EXTRACTED ENTRIES below:
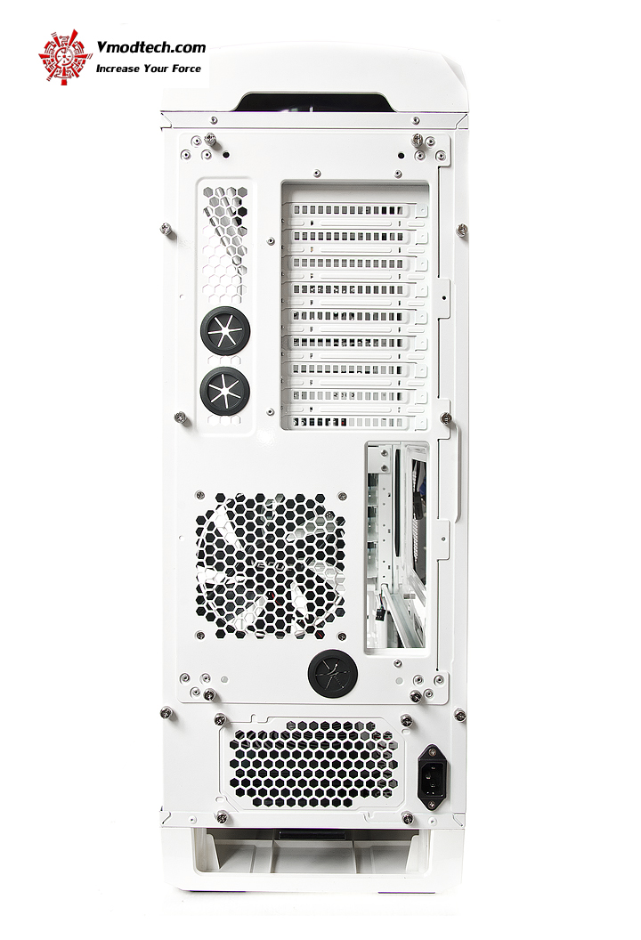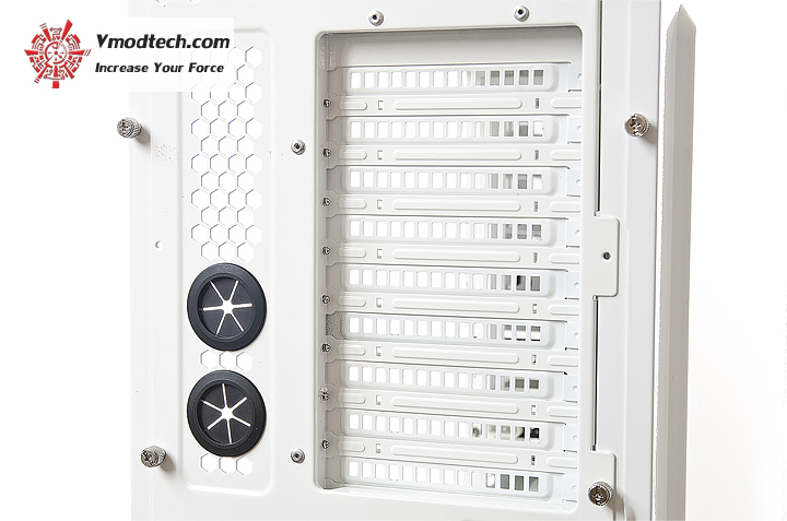 โคสอัพมาดูด้านหลังก่อนครับ Expansion Slots หรือฝาปิดสล็อต PCI นับได้ 9  ฝา ครับ และ ดำๆกลมๆตรงนั้นไม่บอกก็รู้ว่า รองรับระบบระบายความร้อนด้วนน้ำอย่างเต็มรูปแบบครับ
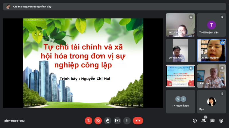 Tiếp theo trong phần nội dung Tọa đàm, ThS.GVC. Nguyễn Chi Mai, Phó trưởng Bộ môn QLNN về Kinh tế và Tài chính công đã trình bày tham luận “Tự chủ tài chính và xã hội hóa trong đơn vị sự nghiệp công lập”. Tham luận đã làm rõ xã hội hóa là một xu hướng không thể đảo ngược trong giai đoạn hiện nay ở Việt Nam và trên thế giới, cụ thể là xã hội hóa trong đơn vị sự nghiệp công lập từ đó bàn luận và tìm kiếm giải pháp nâng cao hiệu quả hoạt động tự chủ tài chính và xã hội hóa trong đơn vị sự nghiệp công lập.
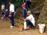 2006年3月19日(Sun) ハノイから北西に70Kmほど離れた PHU THO(フート省) Den Hung のHung King's Temple へ、NさんとNさんの運転手さんの案内で、朝6時30分に出発。 Den Hung のHung King's Temple は、ベトナム建国の神話があるところです。 水(男性の神)と山(女性の神)から、100人の男の子が生まれ(百越の祖先)、その後、50男は水界のダー河へ、50男は山界の傘円山(バービー山)へ行った。その山へ行ったうちの一番兄の雄王(フンヴォン)がベトナム建国の王として Den Haに祀られています。 ベトナムの史書「大越史略」に記述されているのは、雄王(フンヴォン)が、文郎(ヴァンラン)国を建国。ベトナム建国の王として信仰されていますが、史跡などが発見されていないので、青銅器文化を結びつけている人もいて、伝説の域をでていません。 最初、車を止めたところへ、10人ぐらいの物売りのベトナム人に取り囲まれてどうなることかと思いました。 |
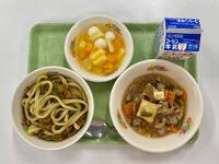 牛乳 カレーうどん 厚揚げのそぼろ煮 フルーツ白玉
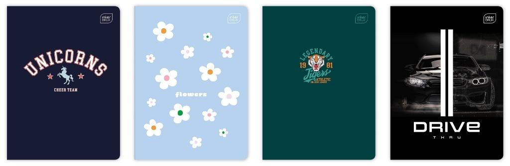 Zeszyt A5 gładki, 32 kartki, mix wzorów. 10 sztuk w opakowaniu zbiorczym. Producent Interdruk.
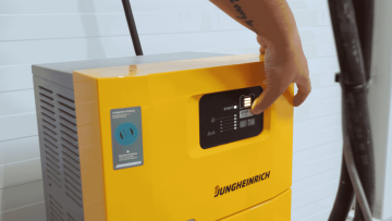Řešení Jungheinrichu využívá vozík EFX 414 s čelním posezem a otočným zvedacím zařízením pro zakládání až do 9 m. Vozík je vybaven kamerou na vidlích, indukčním naváděním a RFID pro bezpečné manévrování. Lithium-iontová baterie a aktivní ochrana osob zajišťují bezpečný a bezúdržbový provoz, připravený na poloautomatický režim.
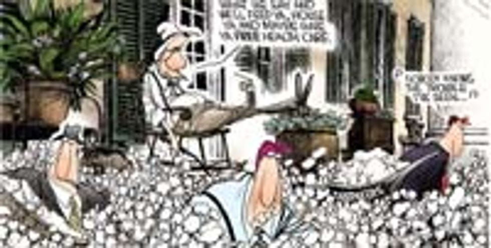 Anyway, you know what else they had back in the day that we're going to revive, nostalgically? Slavery! Real, actual, slavery! Only for white people, apparently. Though we will be forced to wear comical Aunt Jemima-style head kerchiefs! We crackers will be out there just pickin' cotton for Ol' Massa Congress -- though as you can see, that cotton is just growing all over Congress's lawn, right up to his porch! Heck, somebody's gotta pick it, so why not enslave us to do the job free Americans won't do? But don't worry, we'll all get free food and health care, just like they did back in slave times, if by "food" we mean "low-nutrition gruel and scraps" and "health care" we mean "cruel and arbitrary beatings."
End of EXTRACTED ENTRIES.
**TASK STATEMENT:** Return exactly the lines from the line with "Zeszyt A5 gładki, 32" through the last line of the data above, both included; pictures do not go in the answer.

**SOLUTION BELOW:**
 Zeszyt A5 gładki, 32 kartki, mix wzorów. 10 sztuk w opakowaniu zbiorczym. Producent Interdruk.
Řešení Jungheinrichu využívá vozík EFX 414 s čelním posezem a otočným zvedacím zařízením pro zakládání až do 9 m. Vozík je vybaven kamerou na vidlích, indukčním naváděním a RFID pro bezpečné manévrování. Lithium-iontová baterie a aktivní ochrana osob zajišťují bezpečný a bezúdržbový provoz, připravený na poloautomatický režim.
 Anyway, you know what else they had back in the day that we're going to revive, nostalgically? Slavery! Real, actual, slavery! Only for white people, apparently. Though we will be forced to wear comical Aunt Jemima-style head kerchiefs! We crackers will be out there just pickin' cotton for Ol' Massa Congress -- though as you can see, that cotton is just growing all over Congress's lawn, right up to his porch! Heck, somebody's gotta pick it, so why not enslave us to do the job free Americans won't do? But don't worry, we'll all get free food and health care, just like they did back in slave times, if by "food" we mean "low-nutrition gruel and scraps" and "health care" we mean "cruel and arbitrary beatings."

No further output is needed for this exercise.